Start of Input records
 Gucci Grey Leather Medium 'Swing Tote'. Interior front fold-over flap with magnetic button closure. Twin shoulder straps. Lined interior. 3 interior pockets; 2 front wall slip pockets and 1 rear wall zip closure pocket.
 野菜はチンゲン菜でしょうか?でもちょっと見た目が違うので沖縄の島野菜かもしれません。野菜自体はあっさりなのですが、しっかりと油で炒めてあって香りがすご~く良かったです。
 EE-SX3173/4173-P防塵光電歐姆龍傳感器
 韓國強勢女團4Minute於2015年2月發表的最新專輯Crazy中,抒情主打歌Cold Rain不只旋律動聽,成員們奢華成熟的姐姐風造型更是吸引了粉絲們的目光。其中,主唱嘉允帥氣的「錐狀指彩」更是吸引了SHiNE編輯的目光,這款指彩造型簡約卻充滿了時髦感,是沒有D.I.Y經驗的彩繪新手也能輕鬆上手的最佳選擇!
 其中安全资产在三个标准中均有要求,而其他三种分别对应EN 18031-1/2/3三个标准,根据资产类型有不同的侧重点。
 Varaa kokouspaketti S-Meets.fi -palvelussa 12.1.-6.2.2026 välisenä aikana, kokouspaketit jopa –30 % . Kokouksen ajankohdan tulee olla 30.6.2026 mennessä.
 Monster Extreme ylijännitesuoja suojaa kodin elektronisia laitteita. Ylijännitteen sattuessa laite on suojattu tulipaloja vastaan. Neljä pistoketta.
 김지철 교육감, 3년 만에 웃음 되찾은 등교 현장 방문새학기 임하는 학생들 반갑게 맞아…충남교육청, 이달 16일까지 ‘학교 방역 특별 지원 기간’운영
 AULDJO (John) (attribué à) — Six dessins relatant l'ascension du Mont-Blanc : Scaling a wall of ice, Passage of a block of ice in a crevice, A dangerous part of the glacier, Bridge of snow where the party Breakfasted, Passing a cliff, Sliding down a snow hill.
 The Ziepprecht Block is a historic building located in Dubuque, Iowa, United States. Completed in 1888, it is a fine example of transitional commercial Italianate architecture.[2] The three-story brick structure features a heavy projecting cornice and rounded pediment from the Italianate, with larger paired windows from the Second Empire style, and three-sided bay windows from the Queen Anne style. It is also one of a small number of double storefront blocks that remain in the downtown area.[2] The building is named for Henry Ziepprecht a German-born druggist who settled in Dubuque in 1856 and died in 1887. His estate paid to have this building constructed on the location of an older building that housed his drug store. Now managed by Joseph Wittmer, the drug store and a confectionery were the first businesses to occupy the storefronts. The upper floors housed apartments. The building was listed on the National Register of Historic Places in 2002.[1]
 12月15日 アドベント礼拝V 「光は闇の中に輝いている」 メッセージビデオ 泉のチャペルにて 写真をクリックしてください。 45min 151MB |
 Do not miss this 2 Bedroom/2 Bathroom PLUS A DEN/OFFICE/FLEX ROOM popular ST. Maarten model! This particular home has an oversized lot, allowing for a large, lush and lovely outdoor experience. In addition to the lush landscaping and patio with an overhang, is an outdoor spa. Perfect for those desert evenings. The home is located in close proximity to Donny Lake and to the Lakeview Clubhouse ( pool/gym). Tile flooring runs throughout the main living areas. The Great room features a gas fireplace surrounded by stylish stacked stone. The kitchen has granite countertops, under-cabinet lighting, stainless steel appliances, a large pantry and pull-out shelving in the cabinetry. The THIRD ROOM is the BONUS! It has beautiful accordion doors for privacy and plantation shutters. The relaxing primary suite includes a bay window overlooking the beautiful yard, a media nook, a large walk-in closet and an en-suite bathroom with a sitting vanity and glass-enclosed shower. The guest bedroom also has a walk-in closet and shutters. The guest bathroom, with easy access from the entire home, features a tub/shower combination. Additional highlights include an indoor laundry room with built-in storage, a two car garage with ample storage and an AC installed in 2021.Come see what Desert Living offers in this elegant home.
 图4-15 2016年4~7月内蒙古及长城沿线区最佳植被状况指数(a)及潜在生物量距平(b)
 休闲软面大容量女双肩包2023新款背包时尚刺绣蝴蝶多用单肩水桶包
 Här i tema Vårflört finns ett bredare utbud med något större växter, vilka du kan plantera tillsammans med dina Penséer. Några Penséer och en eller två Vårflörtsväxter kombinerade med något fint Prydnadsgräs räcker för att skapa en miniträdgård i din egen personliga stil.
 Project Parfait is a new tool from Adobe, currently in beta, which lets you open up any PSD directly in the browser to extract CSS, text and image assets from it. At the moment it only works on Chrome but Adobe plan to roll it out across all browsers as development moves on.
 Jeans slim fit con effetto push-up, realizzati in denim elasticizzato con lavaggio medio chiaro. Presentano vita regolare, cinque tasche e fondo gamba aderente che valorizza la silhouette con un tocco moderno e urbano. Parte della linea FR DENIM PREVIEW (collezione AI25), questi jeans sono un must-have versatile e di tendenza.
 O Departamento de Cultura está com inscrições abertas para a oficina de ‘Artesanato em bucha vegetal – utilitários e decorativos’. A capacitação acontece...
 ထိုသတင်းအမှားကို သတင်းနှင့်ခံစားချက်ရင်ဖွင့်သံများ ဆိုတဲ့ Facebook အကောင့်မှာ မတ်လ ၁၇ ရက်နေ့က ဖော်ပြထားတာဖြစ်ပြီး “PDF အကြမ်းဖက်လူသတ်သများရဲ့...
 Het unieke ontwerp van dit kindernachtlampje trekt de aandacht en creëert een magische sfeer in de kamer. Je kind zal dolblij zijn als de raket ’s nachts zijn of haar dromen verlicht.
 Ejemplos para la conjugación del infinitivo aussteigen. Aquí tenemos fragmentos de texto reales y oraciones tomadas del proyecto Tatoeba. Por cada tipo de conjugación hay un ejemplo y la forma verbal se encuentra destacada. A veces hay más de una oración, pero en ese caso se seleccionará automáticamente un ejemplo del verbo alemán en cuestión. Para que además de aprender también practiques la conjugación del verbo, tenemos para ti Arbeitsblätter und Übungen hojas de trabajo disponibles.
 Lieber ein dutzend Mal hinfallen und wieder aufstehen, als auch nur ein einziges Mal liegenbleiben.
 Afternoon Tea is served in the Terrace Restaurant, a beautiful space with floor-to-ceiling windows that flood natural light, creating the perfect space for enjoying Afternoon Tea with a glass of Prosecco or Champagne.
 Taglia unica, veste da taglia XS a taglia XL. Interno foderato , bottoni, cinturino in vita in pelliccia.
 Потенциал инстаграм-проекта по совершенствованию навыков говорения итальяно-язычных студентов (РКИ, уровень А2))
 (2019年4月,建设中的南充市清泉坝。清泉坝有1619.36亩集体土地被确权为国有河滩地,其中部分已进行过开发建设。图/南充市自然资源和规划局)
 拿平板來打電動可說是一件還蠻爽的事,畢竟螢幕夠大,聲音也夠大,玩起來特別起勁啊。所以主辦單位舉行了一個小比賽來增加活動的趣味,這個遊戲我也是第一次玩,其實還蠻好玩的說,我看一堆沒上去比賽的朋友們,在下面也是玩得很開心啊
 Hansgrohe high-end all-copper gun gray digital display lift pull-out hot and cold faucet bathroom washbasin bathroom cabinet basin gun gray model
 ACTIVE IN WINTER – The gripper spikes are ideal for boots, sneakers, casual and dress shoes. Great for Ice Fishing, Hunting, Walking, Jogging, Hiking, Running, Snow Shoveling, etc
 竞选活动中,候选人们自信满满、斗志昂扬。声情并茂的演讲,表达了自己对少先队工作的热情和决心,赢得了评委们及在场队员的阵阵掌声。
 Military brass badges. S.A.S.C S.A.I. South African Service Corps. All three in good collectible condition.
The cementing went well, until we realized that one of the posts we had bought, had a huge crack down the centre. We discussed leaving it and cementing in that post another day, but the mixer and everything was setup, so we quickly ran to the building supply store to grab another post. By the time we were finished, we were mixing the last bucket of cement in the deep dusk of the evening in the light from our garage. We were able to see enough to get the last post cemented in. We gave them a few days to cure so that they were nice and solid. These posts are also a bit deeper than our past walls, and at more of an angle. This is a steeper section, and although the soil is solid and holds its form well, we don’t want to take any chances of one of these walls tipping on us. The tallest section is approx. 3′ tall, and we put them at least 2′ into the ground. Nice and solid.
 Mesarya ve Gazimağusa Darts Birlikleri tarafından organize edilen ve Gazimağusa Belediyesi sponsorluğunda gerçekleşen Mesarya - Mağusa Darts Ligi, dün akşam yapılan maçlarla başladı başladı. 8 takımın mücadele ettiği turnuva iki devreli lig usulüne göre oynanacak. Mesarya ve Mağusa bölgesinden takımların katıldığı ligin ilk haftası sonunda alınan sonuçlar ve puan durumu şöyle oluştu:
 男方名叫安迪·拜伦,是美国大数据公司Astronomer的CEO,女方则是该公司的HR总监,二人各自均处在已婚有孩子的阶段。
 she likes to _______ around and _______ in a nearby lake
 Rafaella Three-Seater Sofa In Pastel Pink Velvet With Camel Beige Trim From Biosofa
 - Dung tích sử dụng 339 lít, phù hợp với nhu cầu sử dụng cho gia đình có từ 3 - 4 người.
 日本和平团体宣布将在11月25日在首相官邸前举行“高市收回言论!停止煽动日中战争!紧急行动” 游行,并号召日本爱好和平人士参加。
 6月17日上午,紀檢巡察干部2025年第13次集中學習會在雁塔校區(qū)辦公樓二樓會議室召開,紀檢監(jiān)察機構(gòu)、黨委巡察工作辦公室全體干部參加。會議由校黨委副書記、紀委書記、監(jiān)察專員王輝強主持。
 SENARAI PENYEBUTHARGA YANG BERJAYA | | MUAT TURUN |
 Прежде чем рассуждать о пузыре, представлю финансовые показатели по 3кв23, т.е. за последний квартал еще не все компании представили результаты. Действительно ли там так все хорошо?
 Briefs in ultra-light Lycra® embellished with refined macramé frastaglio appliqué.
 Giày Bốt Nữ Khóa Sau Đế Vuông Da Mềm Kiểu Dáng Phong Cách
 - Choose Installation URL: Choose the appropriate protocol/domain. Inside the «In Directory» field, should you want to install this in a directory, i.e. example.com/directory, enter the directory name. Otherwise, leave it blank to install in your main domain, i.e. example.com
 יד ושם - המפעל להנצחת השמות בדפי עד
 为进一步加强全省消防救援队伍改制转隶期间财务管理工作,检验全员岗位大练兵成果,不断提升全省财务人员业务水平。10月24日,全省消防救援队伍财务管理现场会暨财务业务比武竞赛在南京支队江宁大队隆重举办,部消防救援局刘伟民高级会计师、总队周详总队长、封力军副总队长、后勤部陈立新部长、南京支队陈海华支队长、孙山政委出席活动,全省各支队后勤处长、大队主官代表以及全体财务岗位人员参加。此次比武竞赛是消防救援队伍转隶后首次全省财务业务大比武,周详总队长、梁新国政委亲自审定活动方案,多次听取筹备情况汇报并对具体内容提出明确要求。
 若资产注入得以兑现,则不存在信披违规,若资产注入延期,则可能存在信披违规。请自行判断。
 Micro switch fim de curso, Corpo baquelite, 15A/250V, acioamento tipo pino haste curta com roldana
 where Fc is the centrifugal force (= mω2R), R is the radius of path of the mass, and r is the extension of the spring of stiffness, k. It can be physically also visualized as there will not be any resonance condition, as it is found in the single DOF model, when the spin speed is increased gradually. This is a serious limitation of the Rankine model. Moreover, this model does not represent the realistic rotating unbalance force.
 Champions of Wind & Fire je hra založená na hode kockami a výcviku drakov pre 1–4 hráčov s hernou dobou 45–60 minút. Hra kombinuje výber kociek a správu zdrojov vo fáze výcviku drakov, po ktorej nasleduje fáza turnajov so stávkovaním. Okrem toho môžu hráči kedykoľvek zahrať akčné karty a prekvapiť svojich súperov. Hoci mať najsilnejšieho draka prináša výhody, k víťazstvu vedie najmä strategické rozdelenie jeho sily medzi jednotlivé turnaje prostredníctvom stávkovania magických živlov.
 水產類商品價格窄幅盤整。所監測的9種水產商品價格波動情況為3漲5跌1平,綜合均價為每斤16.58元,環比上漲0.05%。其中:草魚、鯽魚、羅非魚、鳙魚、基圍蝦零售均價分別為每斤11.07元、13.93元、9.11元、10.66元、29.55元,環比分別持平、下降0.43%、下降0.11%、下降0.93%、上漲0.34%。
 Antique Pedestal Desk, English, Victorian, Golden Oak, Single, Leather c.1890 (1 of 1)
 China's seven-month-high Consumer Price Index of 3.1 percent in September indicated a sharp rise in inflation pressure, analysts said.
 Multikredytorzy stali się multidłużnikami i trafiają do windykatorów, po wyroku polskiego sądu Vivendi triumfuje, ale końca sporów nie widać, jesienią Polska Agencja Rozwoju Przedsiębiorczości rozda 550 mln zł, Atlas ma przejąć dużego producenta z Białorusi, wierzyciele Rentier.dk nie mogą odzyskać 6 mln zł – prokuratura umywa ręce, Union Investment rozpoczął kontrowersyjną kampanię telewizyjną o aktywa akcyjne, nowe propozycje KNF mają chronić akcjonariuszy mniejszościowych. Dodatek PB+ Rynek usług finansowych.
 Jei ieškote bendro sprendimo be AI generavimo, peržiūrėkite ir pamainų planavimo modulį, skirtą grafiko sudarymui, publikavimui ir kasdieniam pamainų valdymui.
End of Input records
**Assignment**
Begin with the line that has "Här i tema Vårflört" in the listing above and end after the line that has "Jeans slim fit"; output those lines exactly.

**Written answer**
 Här i tema Vårflört finns ett bredare utbud med något större växter, vilka du kan plantera tillsammans med dina Penséer. Några Penséer och en eller två Vårflörtsväxter kombinerade med något fint Prydnadsgräs räcker för att skapa en miniträdgård i din egen personliga stil.
 Project Parfait is a new tool from Adobe, currently in beta, which lets you open up any PSD directly in the browser to extract CSS, text and image assets from it. At the moment it only works on Chrome but Adobe plan to roll it out across all browsers as development moves on.
 Jeans slim fit con effetto push-up, realizzati in denim elasticizzato con lavaggio medio chiaro. Presentano vita regolare, cinque tasche e fondo gamba aderente che valorizza la silhouette con un tocco moderno e urbano. Parte della linea FR DENIM PREVIEW (collezione AI25), questi jeans sono un must-have versatile e di tendenza.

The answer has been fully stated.